Des précisions sur les étapes de cette démarche sont disponibles dans
l’article de Durieux et al. (Les Cahiers de l’ASELF, 2012, volume 10, fasc. 1).
Formulation de la question clinique
Chez les enfants dyslexiques d’âge scolaire apprenant à lire dans une langue
relativement transparente comme le français1 (P), une intervention de type
phonologique (I) est-elle, à elle seule, efficace pour améliorer la lecture (O) ?
1 En lecture, le français est considéré comme une langue “intermédiaire” donc relativement transparente. Du moins, la consistence grapho-phonémique est plus consitante qu’en anglais et moins qu’en espagnol, italien ou allemand (voir par exemple, Borgwaldt, Hellwig & de Groot, 2005 in Sprenger-Charolles, Siegel, Jiménez & Ziegler, 2010)

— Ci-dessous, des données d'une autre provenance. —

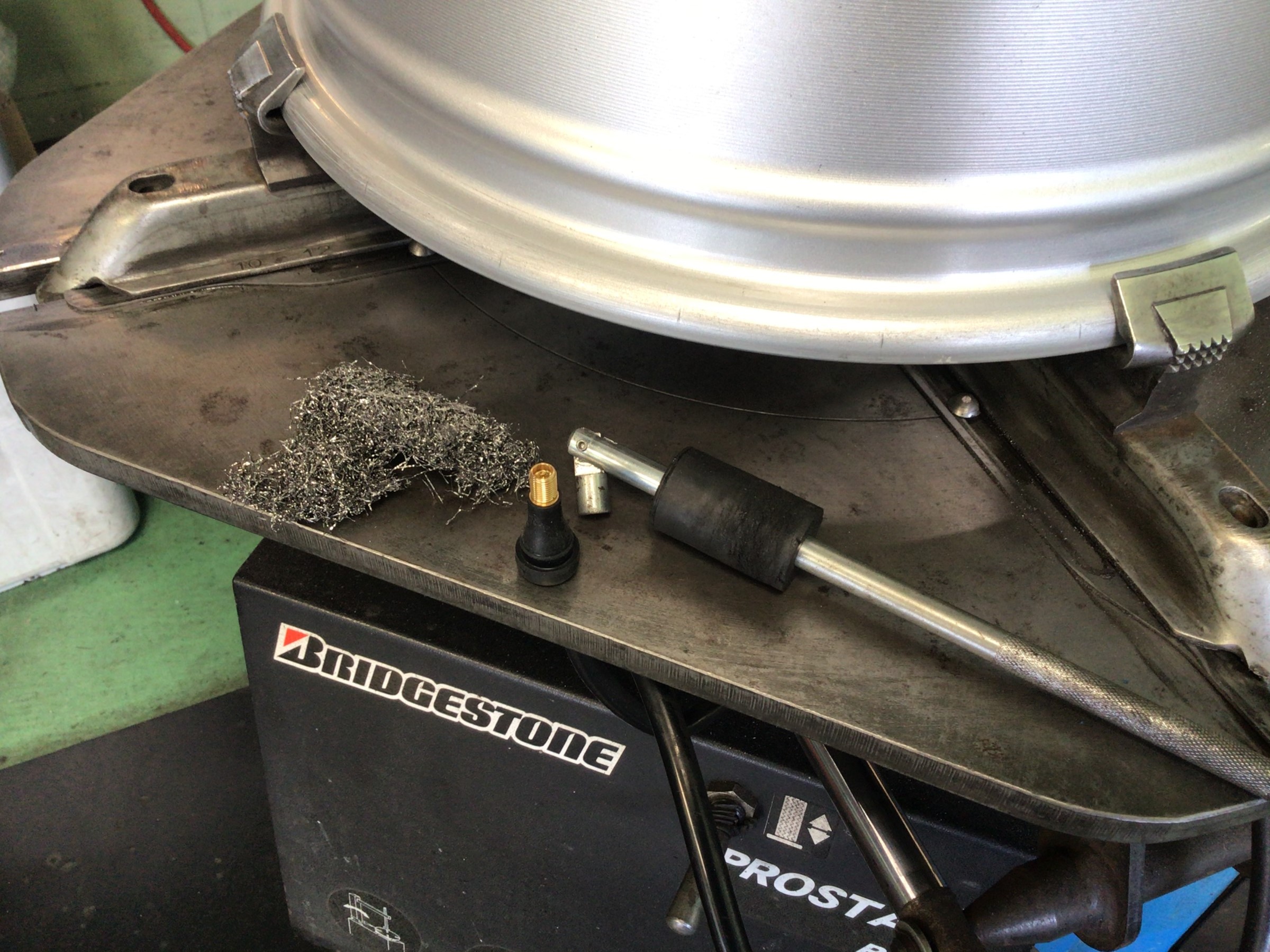 このカスが付着したままタイヤを組付けしますと、エア漏れの原因となりますで、
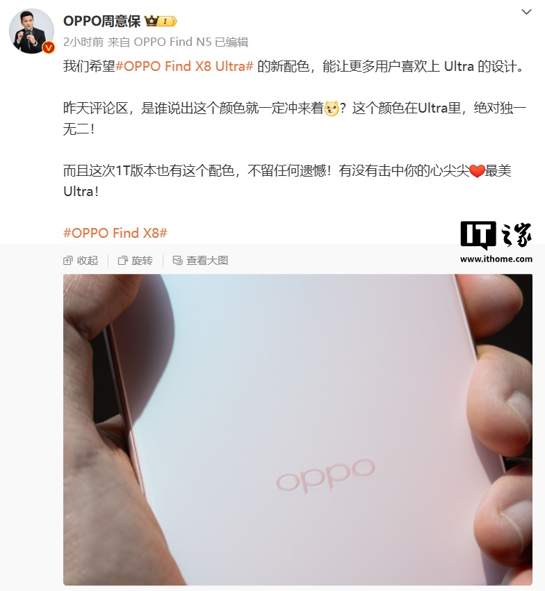 IT之家 3 月 11 日消息,OPPO Find 系列产品负责人周意保今日首次曝光了 Find X8 Ultra 手机的新配色(图片显示类似粉白蓝渐变的效果),并称这次 1T 版本也有这款配色。
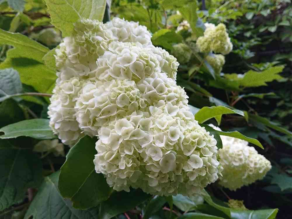 アジサイの中で1番好きなのがハーモニーかもしれません。1株が巨大化して、縦横2m×2mくらい、花房はざっと数えただけで30以上はついてます。他のアジサイと違って、ハーモニーとアナベルは、剪定に気をつかわなくても毎年たくさん咲いてくれるのでオススメですよ😉
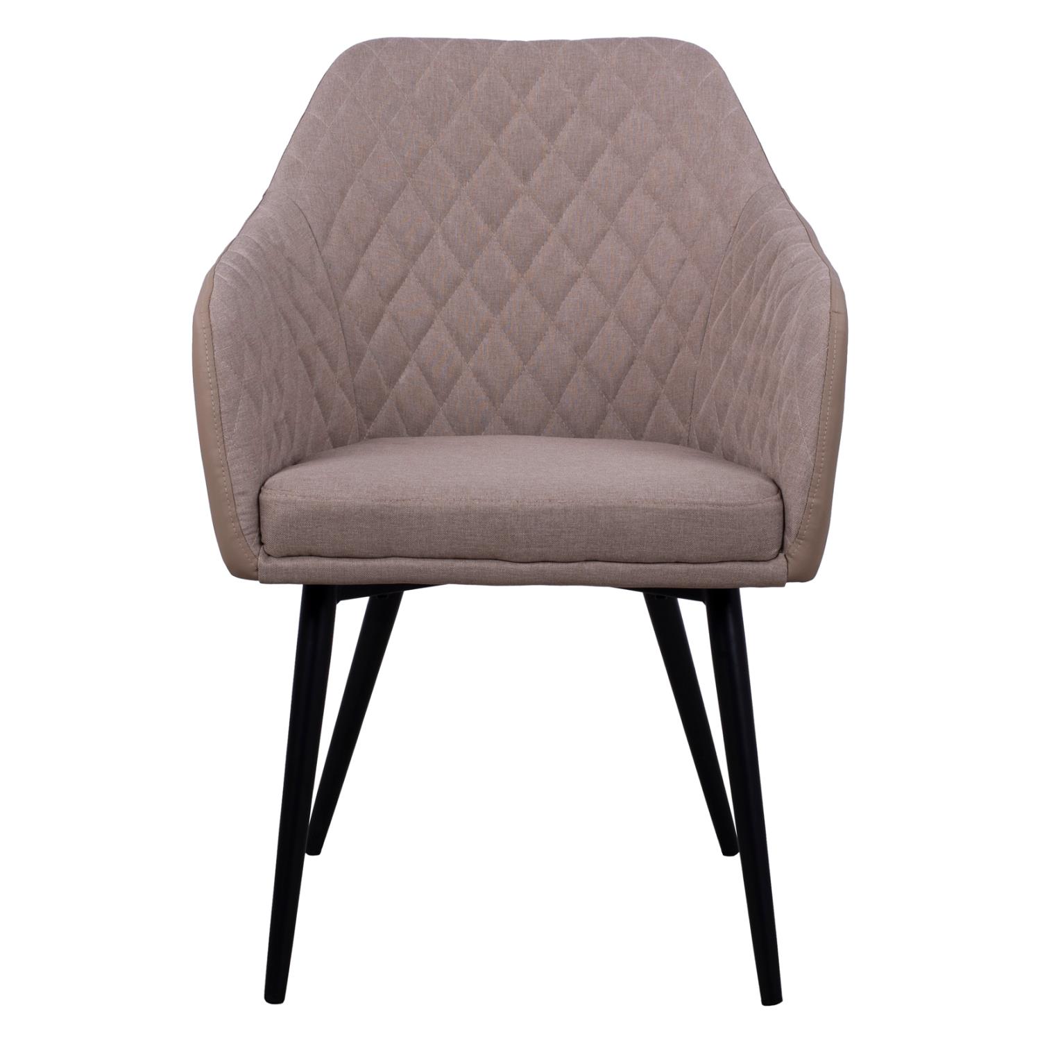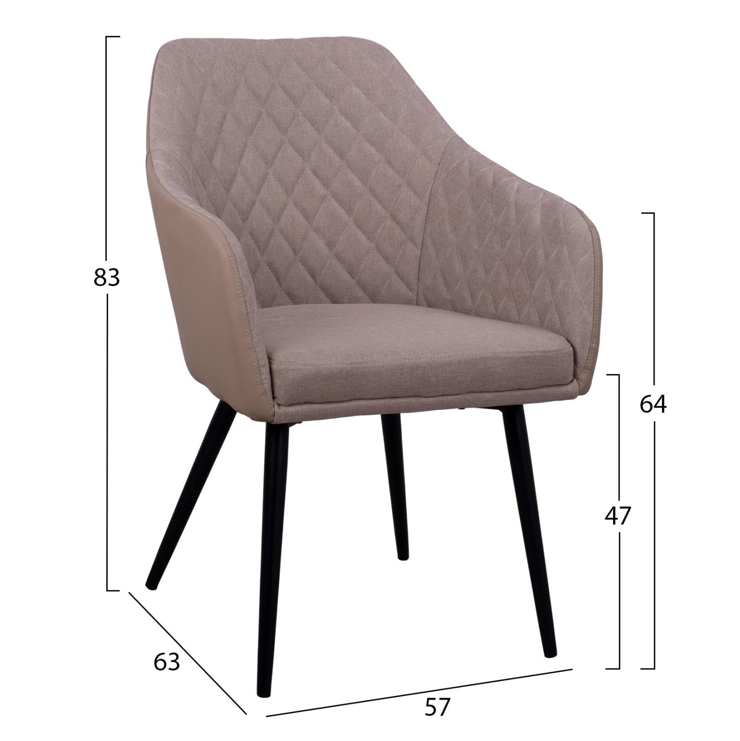 Η πολυθρόνα CHARLES είναι επενδυμένη με ύφασμα σε μπεζ απόχρωση και μπεζ PU στην πλάτη ενώ τα πόδια είναι μεταλλικά σε μαύρη απόχρωση.
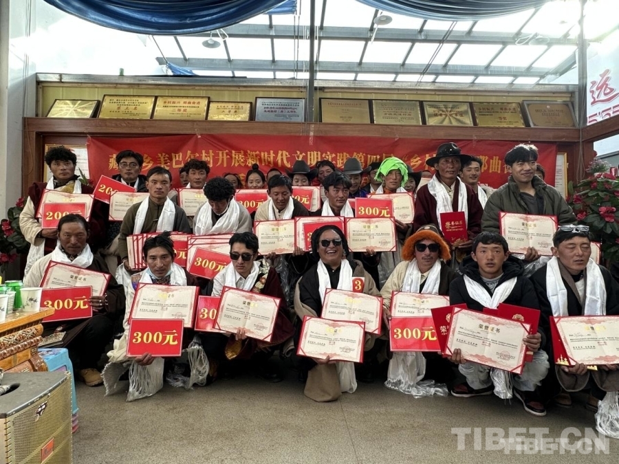 圖為藏比鄉(xiāng)美巴爾村比賽結束后,獲獎者合影留念
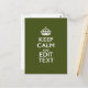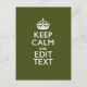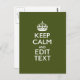 Your Keep Calm saying on a fine custom olive green accent colour style decor. A personalised Keep Calm style saying on a one of a kind gift. Humourous or whimsical try on your creative words on two editable lines of text. Remember to use CAPITAL letters for best results.
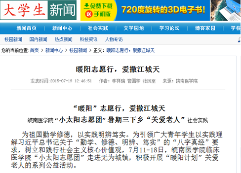 炎炎夏日难掩热诚,滴滴汗水奉献青春。临床医学院2014级“微尘”志愿服务队围绕践行“八字真经”、投身“四个全面”这一主题,立足临床医学的专业优势,关注社会民生热点,奔赴芜湖、合肥、宣城、阜阳、安庆等地积极开展暑期“三下乡”社会实践活动,引起中青网、大学生新闻网、中国文明网、合肥晚报、大江晚报、无为电视台、临泉电视台等媒体的广泛关注,受到实践单位和社会的一致好评。
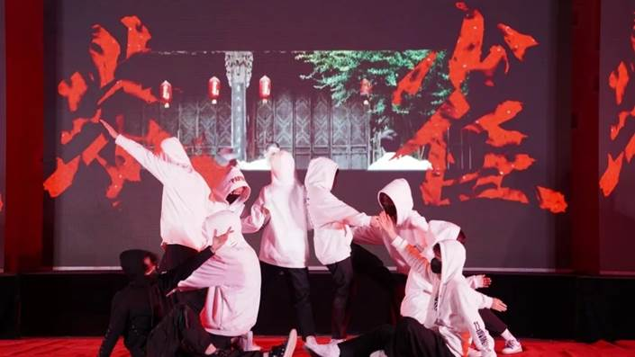 《朱雀》轻启,序幕一开,朱雀翱翔舞天阙,翩若惊鸿入九州,他们展现出少年之气,青春之火,引得在场观众无不喝彩。
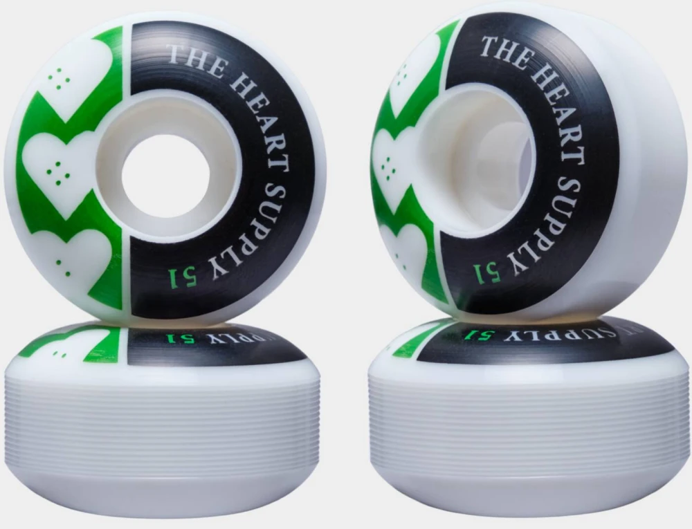 The Heart Supply Squad Wheels Grün versprechen viel Herz beim Rollen. Die perfekte 51mm Rolle für den Skatepark.
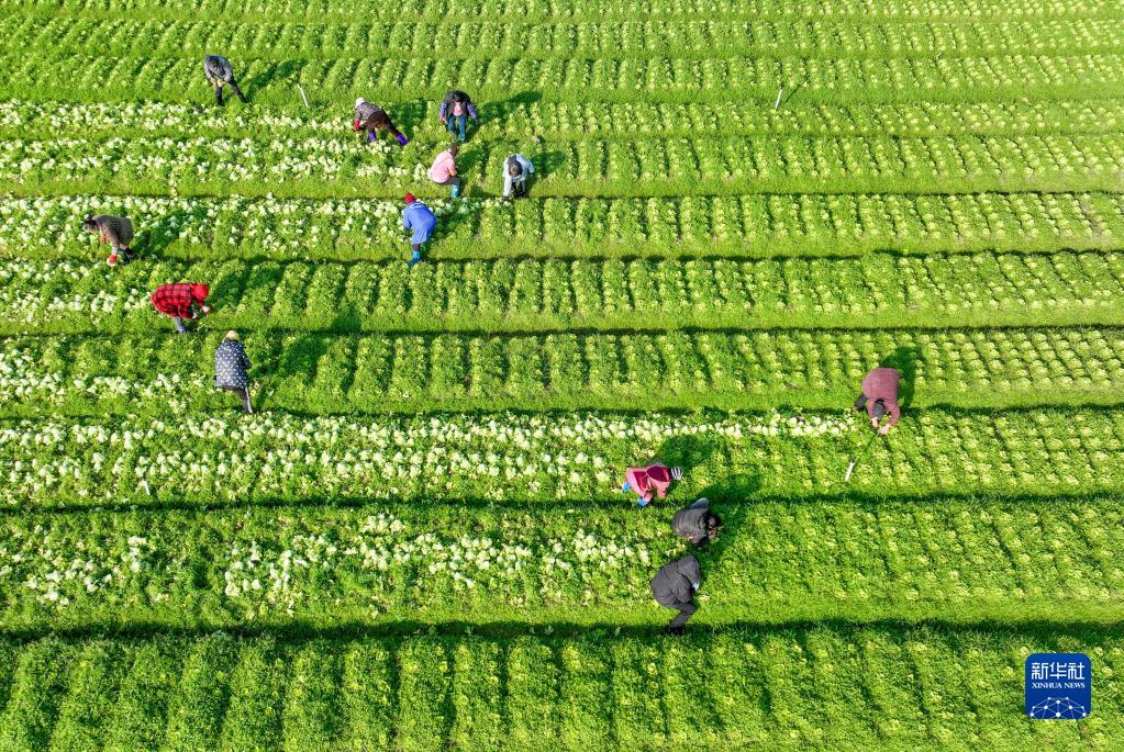 2月15日,農民在湖南省永州市道縣正禾農場蔬菜基地采收蔬菜(無人機照片)。
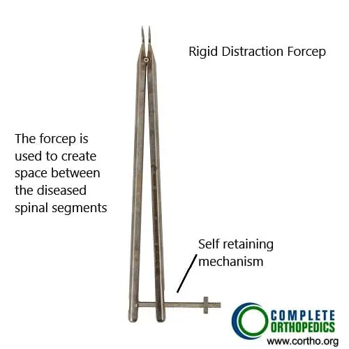 The rigid distraction forceps in the image above are used to create space between the diseased cervical vertebrae to remove the disc material and subsequent insertion of bone cage.
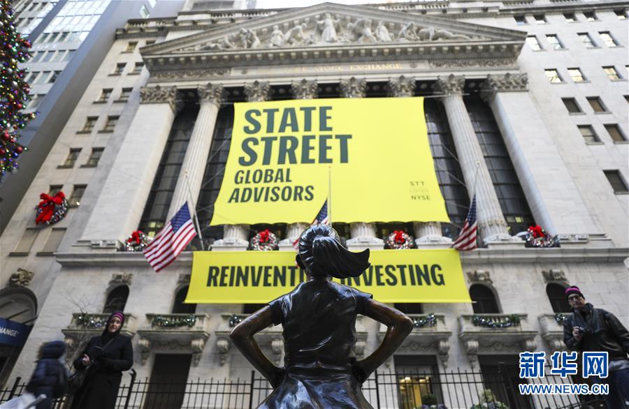 这是12月10日在美国纽约证券交易所前拍摄的“无畏女孩”铜像。 新华社记者 王迎 摄
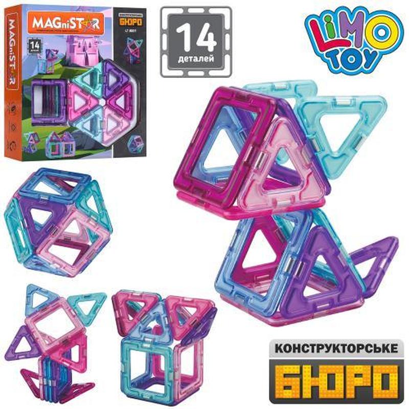 Магнітний конструктор. 14 деталей великого розміру. Матеріал - комбінований. Паковання — коробка. Розмір - 21х5х22 см.
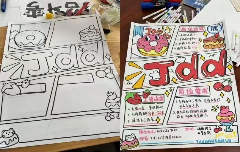 海报设计环节,各实训小组充分发挥团队协作能力,深入研究模拟企业的业务特点与岗位需求,依托仿真企业运营场景,围绕企业文化内核与发展规划,精心设计制作招聘海报,聚焦招募复合型人才,助力模拟企业完成高质量的“人才储备”,同时提升小组成员的实战策划与设计能力。
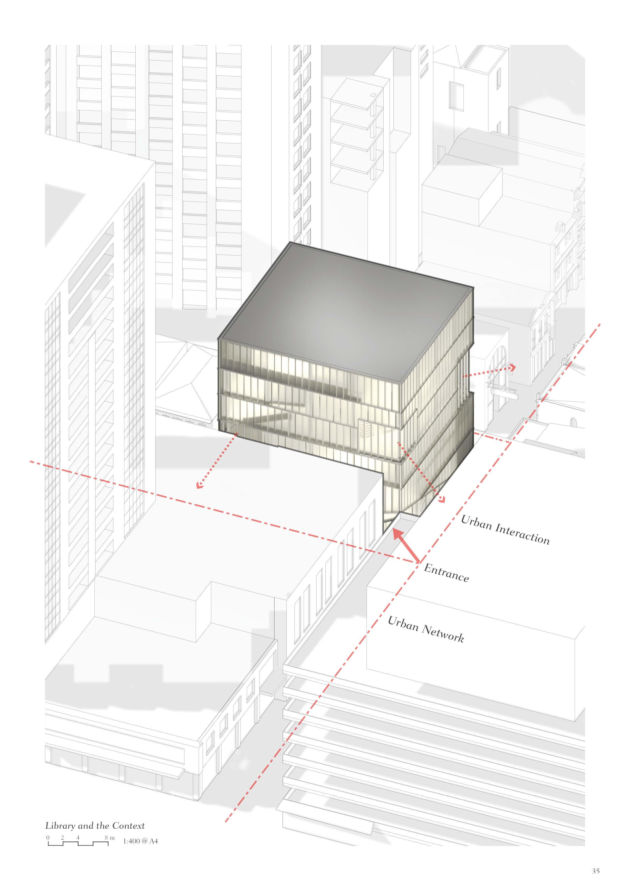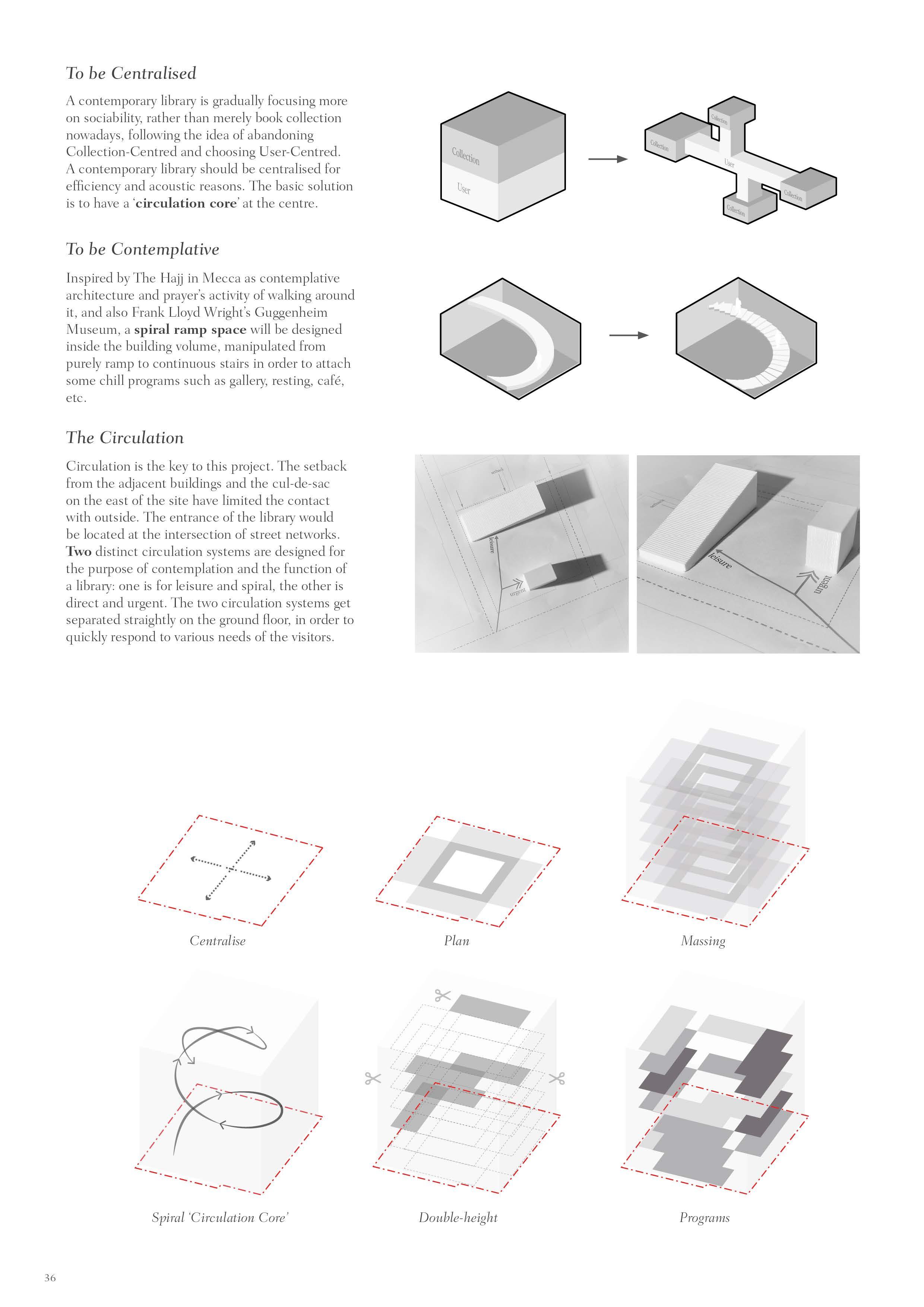 Circulation is the key to this project. The setback from the adjacent buildings and the cul-de-sac on the east of the site have limited the contact with outside. The entrance of the library would be located at the intersection of street networks. Two distinct circulation systems are designed for the purpose of contemplation and the function of a library: one is for leisure and spiral, the other is direct and urgent. The two circulation systems get separated straightly on the ground floor, in order to quickly respond to various needs of the visitors.
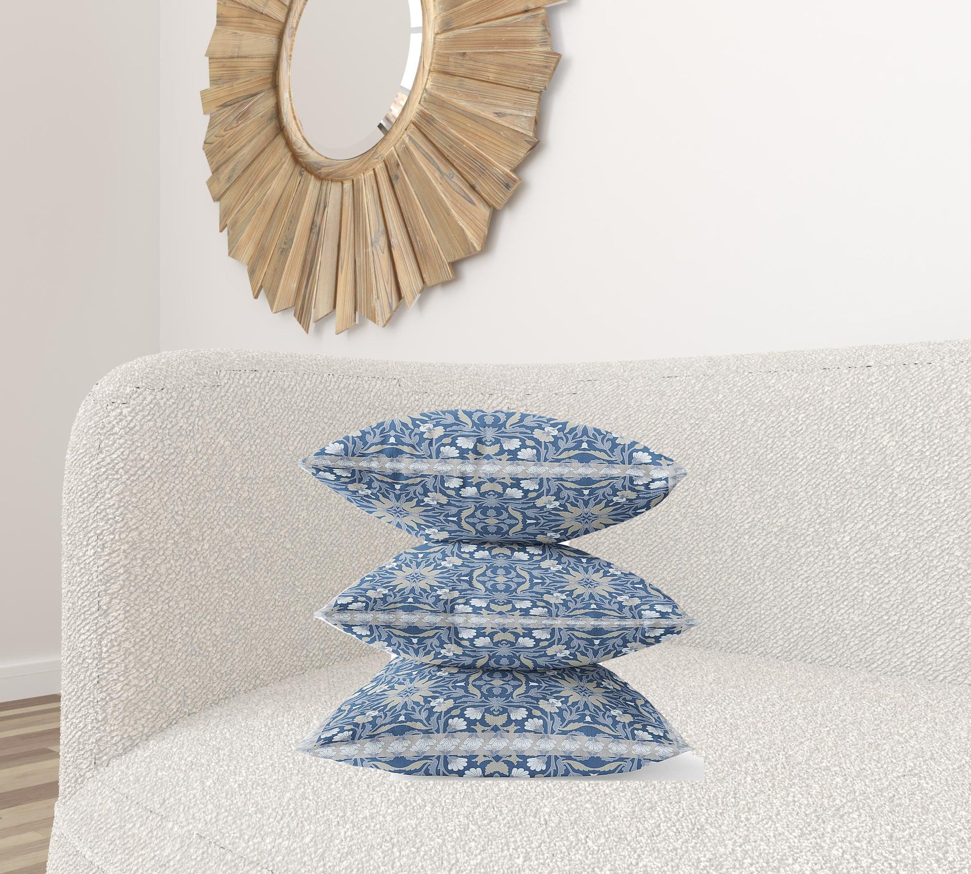 20" X 20" Dark Blue Gray Paisley Blown Seam Suede Throw Pillow

2 – Les Cahiers de l’ASELF (2014) Vol. 11, fasc. 3
Recherche des données issues de la littérature
Termes utilisés pour la recherche: Dyslexia, phonological remediation
program, children, reading skills.
Bases de données bibliographiques utilisées pour la recherche de données
scientifiques: Cochrane Database of Systematic Reviews et Scopus.
Résultats de la recherche : 15 articles (juin 2014).
Analyse et sélection des données issues de la littérature
Dans un premier temps, les trois articles ayant pour objet des langues non
alphabétiques ont été écartés : un article sur le malais (15), un sur le chinois
(13) et un sur l’arabe (1).
Voici une description succincte du contenu des 12 autres articles
obtenus par la recherche documentaire :
Un article compare l’efficacité de deux programmes multiples
d’intervention (programme phonologique combiné, soit à l’entrainement
de stratégies d’identification de mots, soit à un entrainement de type
lexical et morpho-orthographique) avec deux programmes
d’intervention alternatifs (n’entrainant pas la lecture) et avec un
programme unique d’intervention phonologique (sans groupe contrôle).
Les enfants sont de mauvais lecteurs (et non des dyslexiques). La langue
cible est l’anglais (8).
Un article s’intéresse aux effets d’un programme d’intervention de type
phonologique. Les enfants sont de mauvais lecteurs (et non des
dyslexiques) et sont comparés à un groupe contrôle (non soumis au
programme) composé d’enfants n’ayant pas de difficulté dans
l’apprentissage de la lecture. La langue cible est le portugais (3).
3 – Les Cahiers de l’ASELF (2014) Vol. 11, fasc. 3
Un article s’intéresse aux effets d’un entrainement multimodal
(phonologique et du traitement orthographique) sur l’activité corticale
d’enfants dyslexiques. Les effets respectifs des deux programmes ne sont
pas dissociés (avec un groupe contrôle). La langue cible est le français
(5).
Un article s’intéresse aux effets d’un programme d’intervention de type
phonologique (avec trois groupes contrôles). La langue cible est le
portugais (11).
Un article s’intéresse aux effets d’une intervention de type phonologique
combinée au décodage, sur l’activité cérébrale d’enfants présentant un
risque de retard en lecture (pas de groupe contrôle). La langue cible est
l’anglais (12).
Un article évalue l’effet d’un traitement lexico-phonologique sur les
performances en lecture d’enfants dyslexiques (pas de groupe contrôle
mais comparaison à des normes existantes). La langue cible est le
néerlandais (14).
Un article évalue l’effet d’un entrainement à l’identification de
changements auditifs rapides, sur les performances en lecture chez des
enfants dyslexiques (pas de groupe contrôle). La langue cible est l’anglais
(2).
Un article évalue l’effet d’un programme de stimulation sensorielle,
intégré à une thérapie visuo-motrice et vestibulaire (avec un groupe
contrôle) (10).
Un article est une revue de la littérature qui discute de l’activité complexe
qu’est la lecture ; de la dyslexie et des différences inter langues ; des
différentes aires cérébrales impliquées dans la lecture ; du caractère
génétique de la dyslexie et de la comorbidité avec d’autres troubles (4).
4 – Les Cahiers de l’ASELF (2014) Vol. 11, fasc. 3
Un article est théorique et expose le programme PHASt (Phonological
and Strategy training) (6).
Un article compare l’efficacité de trois types d’interventions
(phonologique, morphologique et mathématique) chez le mauvais
lecteur (sans groupe contrôle). La langue cible est l’anglais (9).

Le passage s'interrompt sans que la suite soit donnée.